I had the unique opportunity of being a clinician, PT faculty, and peer reviewer. Now that I am onto private practice owner, international lecturer, and online mentor, I just try to keep it varied. I’d say to avoid burnout, you need to take courses that really light your fire. Take something totally different and not just more of the same. For me, learning about different ways to help others is what keeps me going. There are always different ways to look at things and what works for some does not work for others. It’s why I’m against the odd trend of Advanced Clinical Reasoning vs. Toolbag arguments we see online. Why can’t it be both? You also want to select your patients if you can. Gone are the days for me that I see worker’s comp patients who do not respond more than 2-3 visits, that helps!

Favorite books and/or authors that impacted you the most, both personally and professionally?

Professional: David Butler/Lorimer Moseley – really changed the way I interacted with patients, what words I chose, etc…

Personally: I used to love Michael Crichton years ago but feel that his last 2-3 books prior to his passing were written with movie adaptation in mind. I love RA Salvatore and his Forgotten Realms characters.
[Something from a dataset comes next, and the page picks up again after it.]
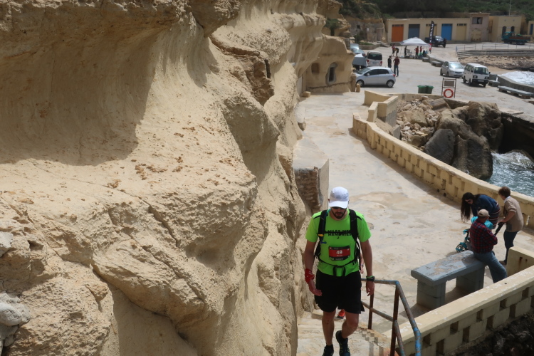 Eine mit bunten Toren durchsetzte gelbe Felswand hebt sich malerisch am Horizont ab. Wir erreichen die kleine, auch mit dem Auto erreichbare Bucht von Dahlet Qorrot. Auf der Hafenmole ist ein letzter Verpflegungsstand eingerichtet, den man bis 16 Uhr passiert haben muss, sonst fällt man aus der Wertung.

During my last clinical, one of my best friends and fellowship mentee years later introduced me to his books. I read about 10 years of his books on one clinical!

I just finished Guillermo Del Toro’s The Strain Trilogy, amazing read! It’s about vampires viewed as a disease and how fast it can spread like a pandemic. Btw, vampires are for killing, not loving! After that, I started The Martian, kind of like Gravity on Mars… it’s one of the most gripping books I’ve read in a long time… highly recommend all four of these!